In upper graph of Fig. 21, the transient frequency variations of oscillator 1 and 2 are given. In the desynchronous state phase (DS phase), the frequency of oscillator 1 was equal to its intrinsic frequency (\(f_1=f_{1N}=\) 2.24 Hz which is calculated by 0.3 V threshold voltage). For the first 66 s, the oscillator network remained desynchronous until the intermediate phase (I phase) was reached. The intermediate state is characterized by the fact that the frequency of oscillator 1 jumps between the frequency \(f_{2N}\) and \(f_{1N}\) at irregular time intervals. The intermediate phase ended till synchronous phase (S phase) was reached at 125 s when phase and frequency of both oscillators synchronized. In the synchronous state phase, each \(V_{g2}\) pulse of oscillator 2 triggered oscillator 1 to discharging fully and generated a full gate pulse (i.e. amplitude of \(V_{g1}\) is from \(V_{gH}\) to ground). Oscillator 2 oscillated at its intrinsic frequency \(f_{2N}\) over the entire period of time.

4 Conclusion

In this work, two types of biologically plausible silicon neurons have been realised in integrated circuit technology. The first low-power spiking silicon neuron is inspired by mathematical Izhikevich model and built by relaxation oscillator implemented in 0.35 \(\upmu \)m CMOS technology. It achieves an energy consumption of 8\(\sim \)10 pJ per spike under low-power operation mode and synchronous processes of two coupled neurons is demonstrated in the simulation results.

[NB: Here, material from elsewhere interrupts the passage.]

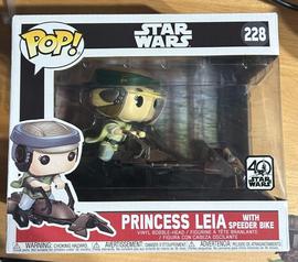 The 228 Princess Leia With Speeder Bike (40th Anniversary) Funko Pop has a current estimated value of USD 8.59, based on 0 auctions this month.

The measurement results show that it can mimic a broad range of physiologically observable spike patterns. This area and energy efficient fully CMOS silicon neuron could be used as a universal neuron circuit integrated in large scale analogue VLSI systems. The second ultra-low-frequency hybrid SiN achieves the biological spiking frequencies below 100 Hz with energy consumption in the range of 0.8–7.12 nJ/spike. To emulate a basic neural network, two integrated ultra-low-frequency relaxation oscillators coupled by an external analog memristive device were proposed. The autonomous neuronal synchronization processes of this basic neural network are presented and analysed. The realisation of biologically plausible oscillators in CMOS technology and an analog memristive device fabricated on silicon wafer pave the way towards large scale hybrid analog integrated neural network realisation in future.